I use equal parts of flour and butter by weight, but for water and salt quantity, I can never get it right. 

For my recipe.
I use 250g water and butter and it calls for 1/2 cup of water and 1 teaspoon of salt. Somehow this isn't working and I do not want to waste anymore flour and butter from constantly trying to experiment. 

Thanks !


----------



## kadesma (Feb 18, 2010)

masteraznchefjr said:


> Hello everyone,
> 
> I really suck at making puff pastry. It never turns out flaky and ends up like, I dunno ... similar to a tart.
> 
> ...


Puff pastry is difficult to make. I purchase mine at the grocery store and it works just fine. Give it a try and see how you like it. It will be in the freezer case.
kadesma


----------



## ChefJune (Feb 18, 2010)

I have made puff pastry quite a few times, but no more.

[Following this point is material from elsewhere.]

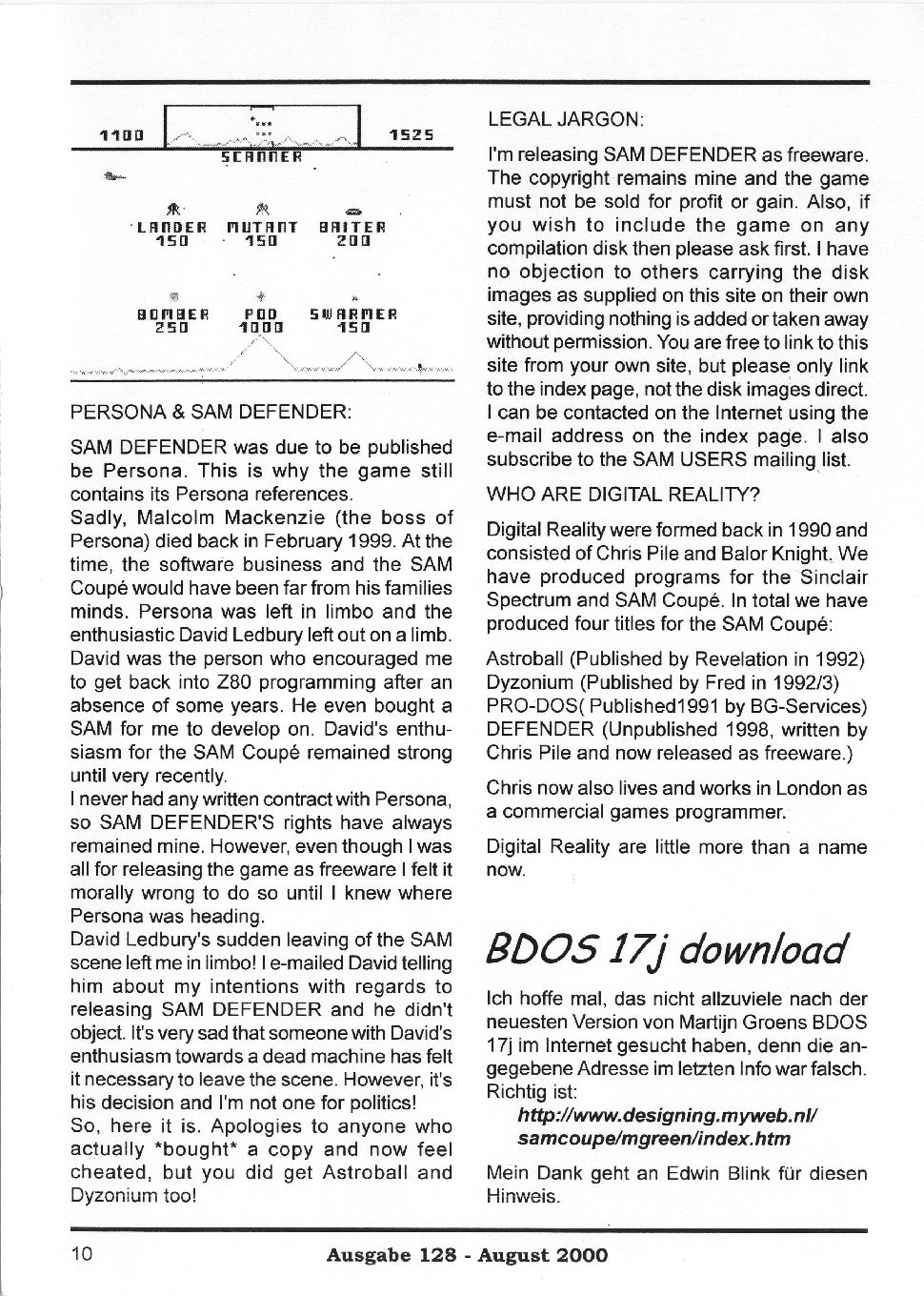 Magazine : SPC Magazin (German) Issue : 128 Page : 10 Date: August 2000 Medium : Paper Updated On : 2020-06-04 04:58:46 Hi-res : No 12...89101112...2324

I let DuFour do it for me!  They use real butter, and the pastry is great quality.


----------



## PrincessFiona60 (Feb 18, 2010)

I've had luck with this recipe...it's not a one day fix, takes at the very least overnight!  Homemade Puff Pastry from Scratch Recipe


----------



## CharlieD (Feb 18, 2010)

Wow, you make your own puff pastry, wow.


----------



## PrincessFiona60 (Feb 18, 2010)

CharlieD said:


> Wow, you make your own puff pastry, wow.


 
Only for special occasions.  I make my own croissants, too.  Usually only when the star of the meal is puff pastry or croissant...otherwise I buy it already made.  I got spoiled when I worked in the bakery and DH is a retired baker, he just doesn't know how to bake for household use.  I once got home and he had made 24 loaves of bread...I only have 6 loaf pans, there was bread everywhere!  And he was pulling out what was left of his hair!


----------



## wanna be (Feb 18, 2010)

[. I once got home and he had made 24 loaves of bread...I only have 6 loaf pans, there was bread everywhere! And he was pulling out what was left of his hair![/QUOTE] That was awesome!!I love cooking big too but that takes the cake.


----------



## PrincessFiona60 (Feb 18, 2010)

wanna be said:


> That was awesome!!I love cooking big too but that takes the cake.


 
He thought he had cut his recipe (144 loaves) down to a two loaf size. Since then I've handled all the homebaking chores.


----------